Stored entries
====================

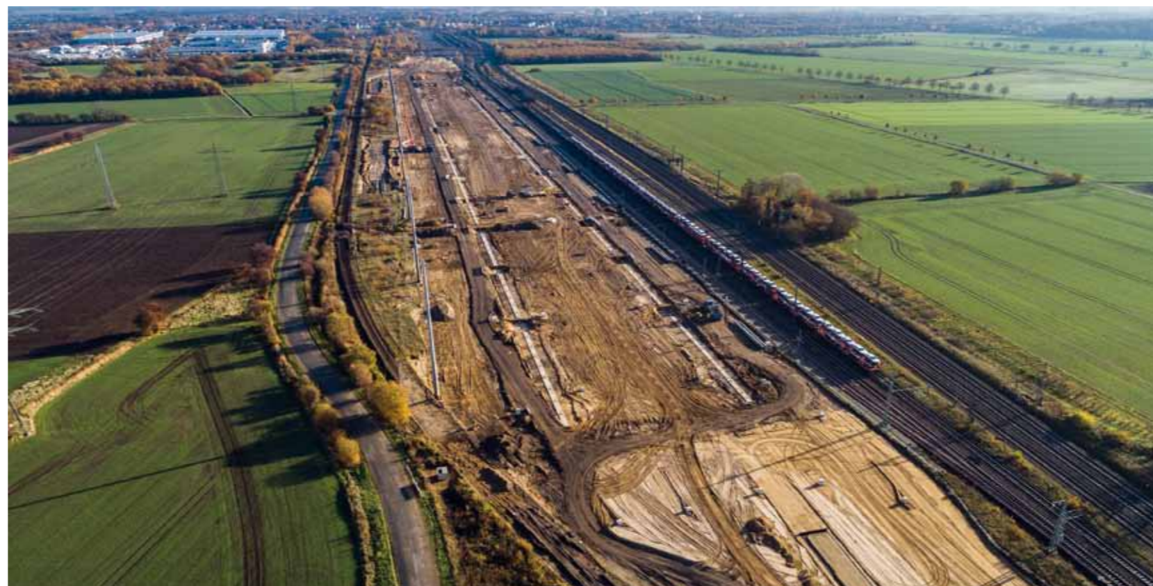
Ein Blick aus der Vogelperspektive in Richtung MegaHub Lehrte von 2019.
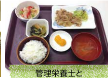
管理栄養士と専門調理師による食事
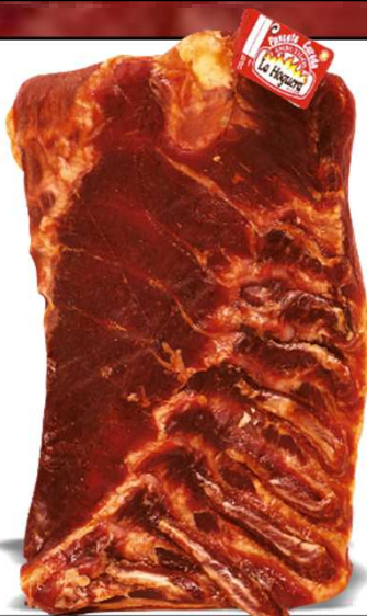
PANCETA ADOBADA REF. 3011 UXC: 6 UdM: K
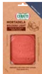
MORTADELA FAT LIGHT CERATTI
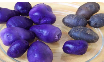
Vitelotte, de violette aardappel, ook truffelaardappel genoemd
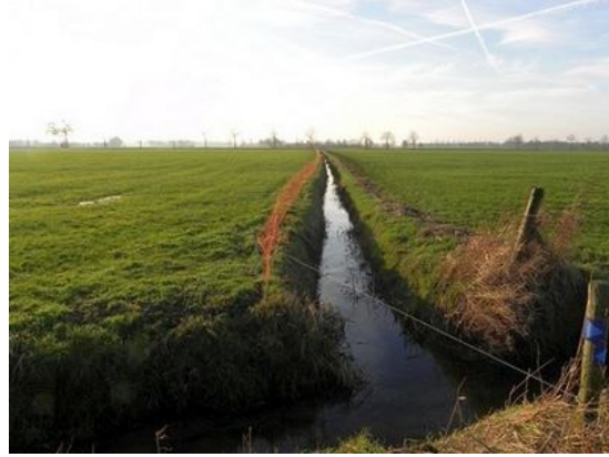
Tussen koeien door en beken met namen die herinneren aan buurtschappen
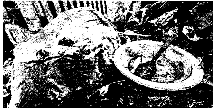
RECIPIENTES com água podem ser criadouros do Aedes aegypti

ALEXIA VIEIRA alexia.vieira@opovo.com.br
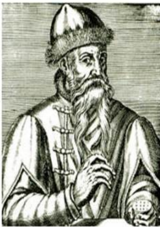
Johannes Gutenberg, inventor de la prensa de tipos móviles. (1398 - 1468)
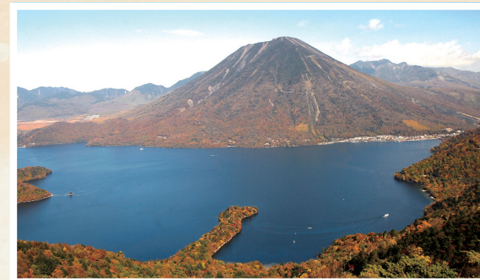
男体山と中禅寺湖(日光市)
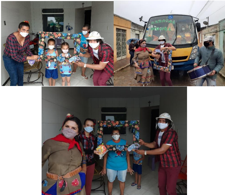
Imagem 13: Ação Arraia móvel realizando visitas nas casas dos usuários
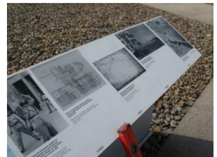
Abb. 35: Infotafeln Außenwege
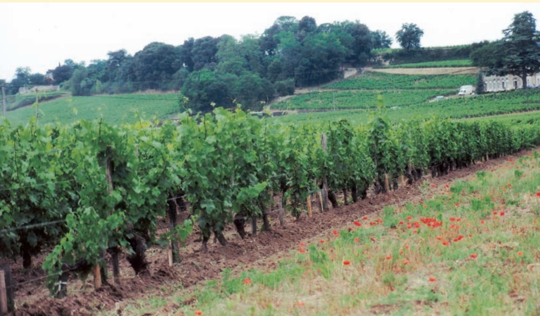
聖艾美農城外之葡萄園，6月盛開的罌粟花點綴其間

莎拉小鎮的火車站廣場有一植栽區，除薰衣草外，還有一種開藍紫色小花的濱藜葉分藥花—藍塔( Perooskia atriplicifolia ，“Blue spire”)，外觀遠看和薰衣草類似，做為花壇內植栽，極為醒目。廣場旁有家園藝資材店，販售蔬菜、花卉、香
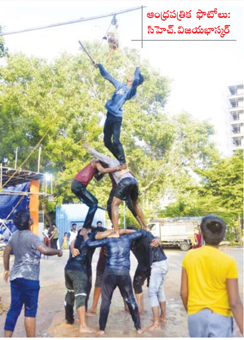
ఆంధ్రపత్రిక ఫోటోలు: సిహెచ్. విజయభాస్కర్
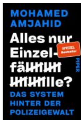
Alles nur Einzelfälle?
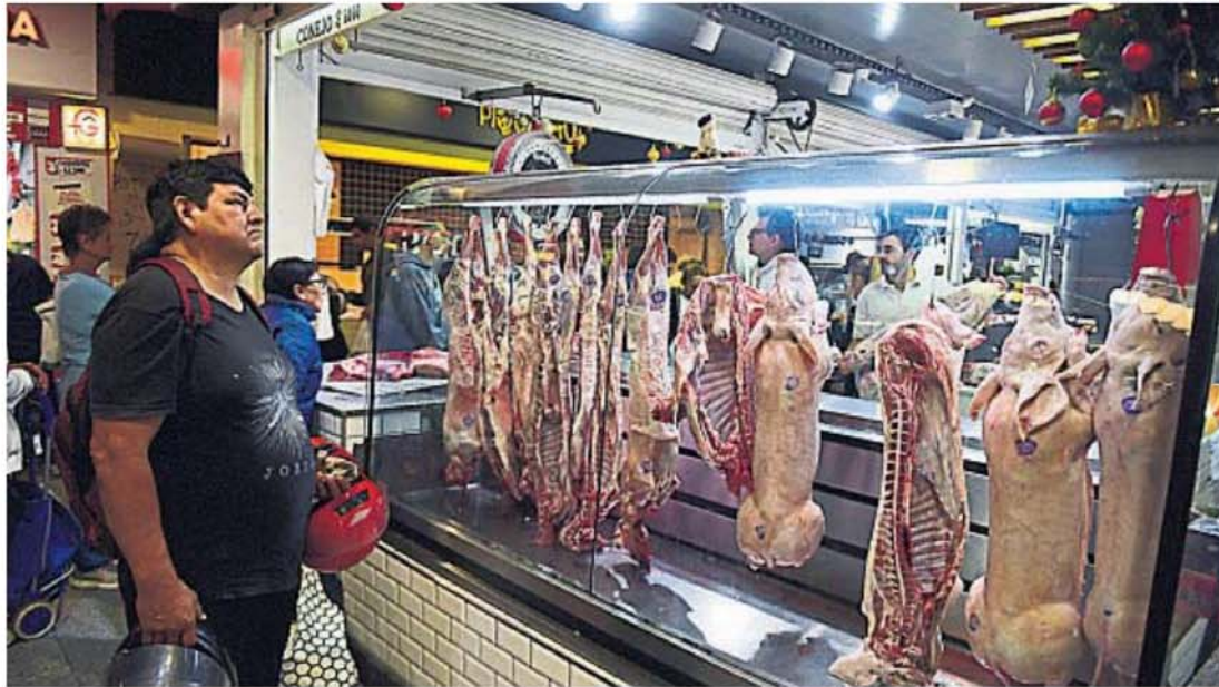
MUY VENDIDOS. Los cabritos y los lechones estuvieron entre los productos cárnicos más demandados. En los cortes de vaca, el tradicional pececito y el matambre.
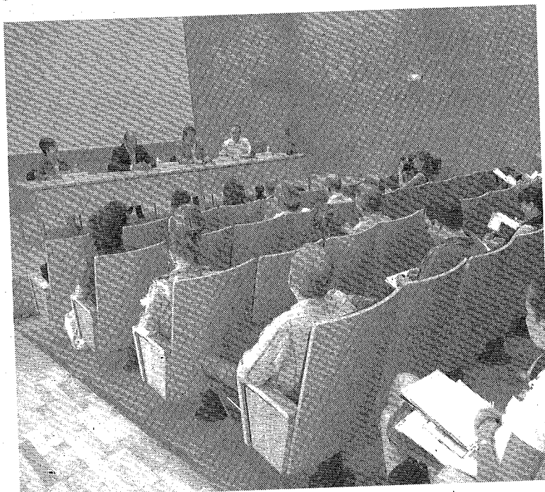
Imagen de una edición anterior del curso de Alcañiz.

Se trata también de fomentar foros de difusión y debate que refuercen la cohesión entre la Universidad y la sociedad, por lo que está dirigido tanto a investigadores sobre Humanidades en gene-
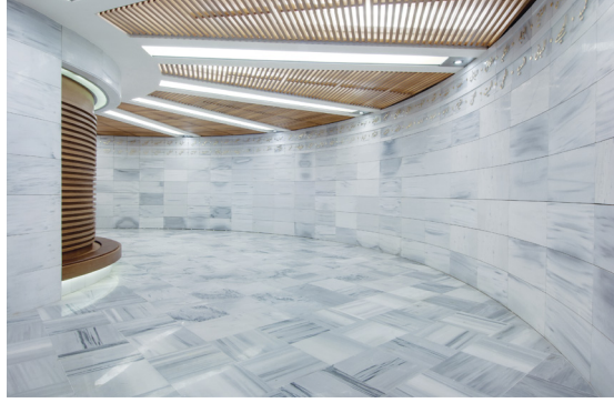
Resim 21- İstanbul Yeşil Vadi Camii. Toplantı salonu fuayesi.
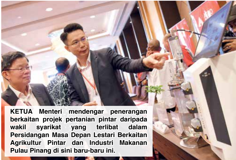
KETUA Menteri mendengar penerangan berkaitan projek pertanian pintar daripada wakil syarikat yang terlibat dalam Persidangan Masa Depan Lestari Berkaitan Agrikultur Pintar dan Industri Makanan Pulau Pinang di sini baru-baru ini.

“Tumpuan pelaburan Kerajaan Negeri melalui InvestPenang (IP) ini sudah tentu dalam sektor E&E (elektrik dan elektronik), industri teknologi dan perkhidmatan perniagaan sejagat, (namun) saya percaya telah tiba masanya untuk memperkukuhkan industri pengeluaran
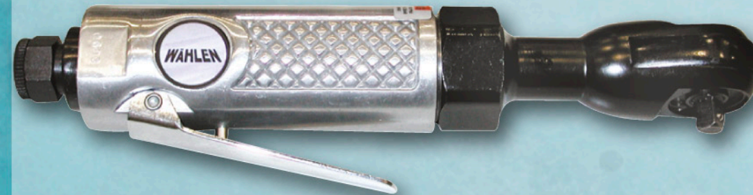
6073000 CARRACA NEUMÁTICA 1/4"
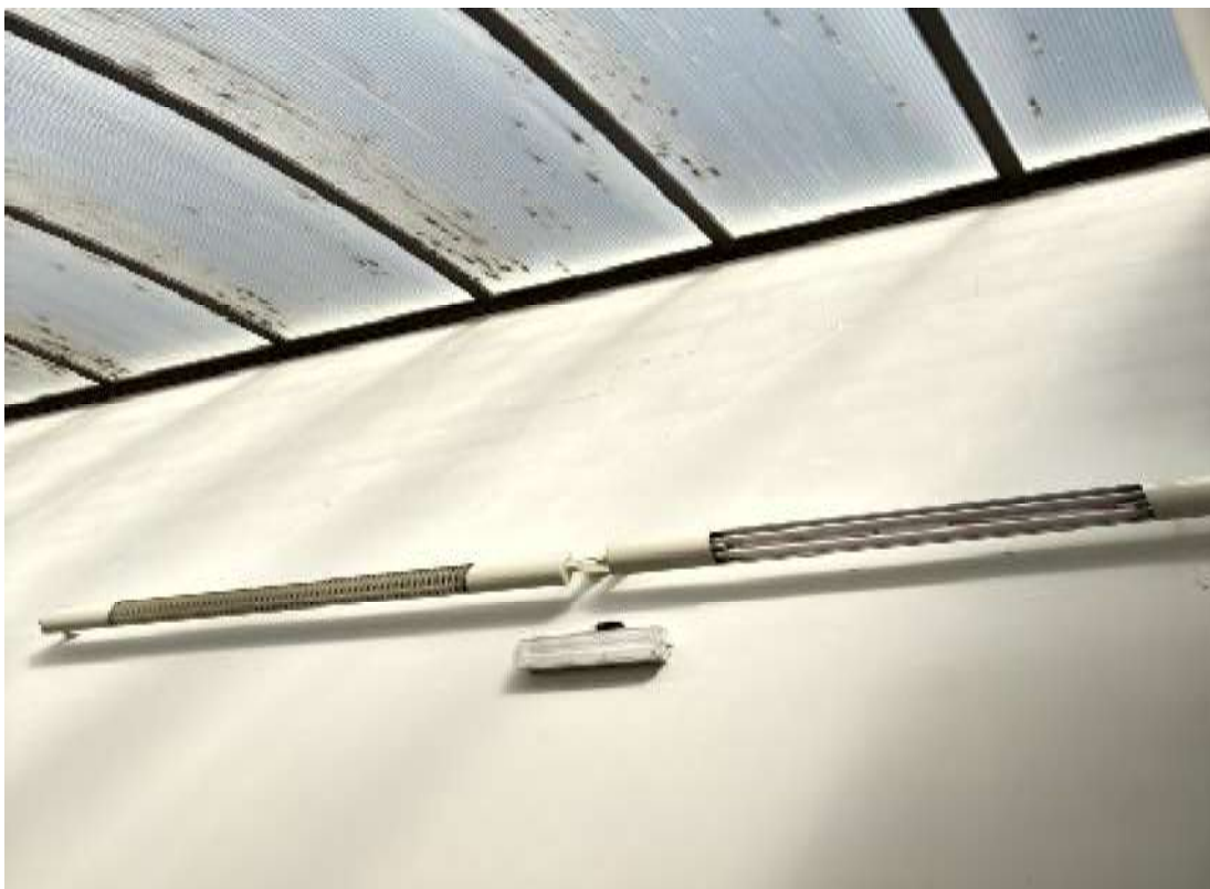
Fot. 28 Korytarz przy sali sportowej
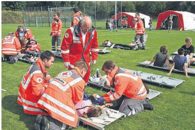
SEG-Großübung in Büchenau

Die Übung lief reibungslos – kleine Fehler wurden von den einzelnen Bereitschaften besprochen, dadurch können die nächsten Einsätze optimiert werden.
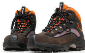
BOTAS DE PROTECCIÓN, TECHNICAL 575 35 47-36
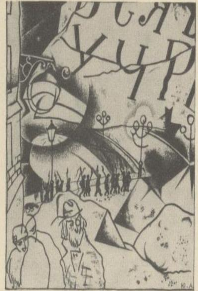
Иллюстрация Ю. Анненкова к поэме «Двенадцать».

Композиционно поэма разбита на двенадцать главок, последовательно развертывающих сюжет. Двенадцать — враги старого мира, но они сами вышли из него, сформировались в его недрах, не могут сразу избавиться от его «родимых пятен». Поэт символически передает это образом старого мира — «пса безродного», который не отстаёт от них, ковыляет позади. В них бушуют и темные страсти. Их охватывает пьянящее ощущение, что «все дозволено»: «Свобода, свобода, эх, эх, без креста!» Поначалу в их облике запечатлены черты не пролетарского авангарда, а анархиствующей вольницы. Автор не «приподнимает» своих героев, показывает грубость и стихийность буйной ватаги. Блок, однако, приветствует происходящее. Он благословляет очистительную силу огня революции и активность ее свершителей: «Мы на горе всем буржуям мировой пожар раздуем!»
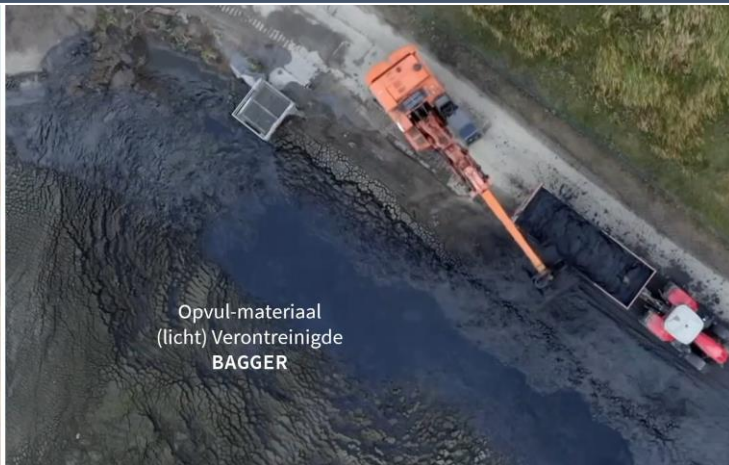
Opvul-materiaal (licht) Verontreinigde BAGGER

Verondieping op schaal 25 meter diep 3 meter leeflaag (BBK = 50 cm leeflaag)
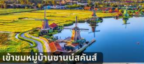
เข้าชมหมู่บ้านชานีส์คันส์
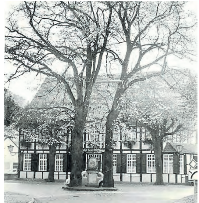
Alte Ansicht der Gaststätte Kerssen-Brons.
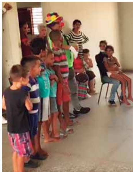
Tin Marín arrancó sonrisas a un público especial.

“Quiero agradecer inmensamente al pueblo de Jatibonico, porque muchas buenas manos aportaron para que regaláramos nuestra fantasía en una zona devastada por el huracán. Salimos el viernes 14 de octubre a la 1:15 a. m. para la botella con una valija bastante grande. Llegamos a La Habana, donde hasta los choferes de la guagua nos ayudaron a cargar los bultos y, de ahí, nuestro destino fue Pinar del Río. Primeramente, pensamos llegar hasta la comunidad del kilómetro 21 de La Coloma, pero la promotora cultural y la delegada del lugar nos comunican que solo había dos familias evacuadas y
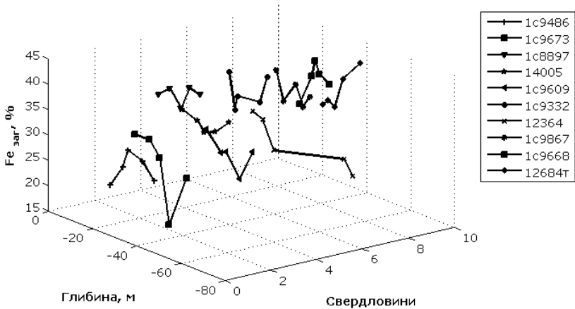
Рис. 3. Мінливість вмісту заліза загального ( Fe_{\text{заг}} ) у вихідній руді на Інгулецькому родовищі (м. Кривий Ріг)

Імовірна природа геологічних показників щодо кількості, якості та просторового розвитку корисної копалини в надрах, а також невизначеність у прогнозі економіки освоєння родовищ ускладнює задачу економічного оцінювання запасів мінеральної сировини та прийняття раціональних рішень щодо їх видобутку та переробки. У цьому зв'язку на рис. 3 показано мінливість вмісту заліза загального ( Fe_{\text{заг}} ) у вихідній руді, отриману на підставі геологорозвідувальних даних ВАТ «Інгулецький ГЗК» у блоці, що готується до розробки корисної копалини.

====================

### EXERCISE DIRECTIONS
Among the lines above, the one with "Abb. 35: Infotafeln Außenwege" opens the part to repeat and the one with "Imagen de una" closes it; repeat only that part exactly, with no pictures.

### WRITTEN SOLUTION
Abb. 35: Infotafeln Außenwege
聖艾美農城外之葡萄園，6月盛開的罌粟花點綴其間

莎拉小鎮的火車站廣場有一植栽區，除薰衣草外，還有一種開藍紫色小花的濱藜葉分藥花—藍塔( Perooskia atriplicifolia ，“Blue spire”)，外觀遠看和薰衣草類似，做為花壇內植栽，極為醒目。廣場旁有家園藝資材店，販售蔬菜、花卉、香
ఆంధ్రపత్రిక ఫోటోలు: సిహెచ్. విజయభాస్కర్
Alles nur Einzelfälle?
MUY VENDIDOS. Los cabritos y los lechones estuvieron entre los productos cárnicos más demandados. En los cortes de vaca, el tradicional pececito y el matambre.
Imagen de una edición anterior del curso de Alcañiz.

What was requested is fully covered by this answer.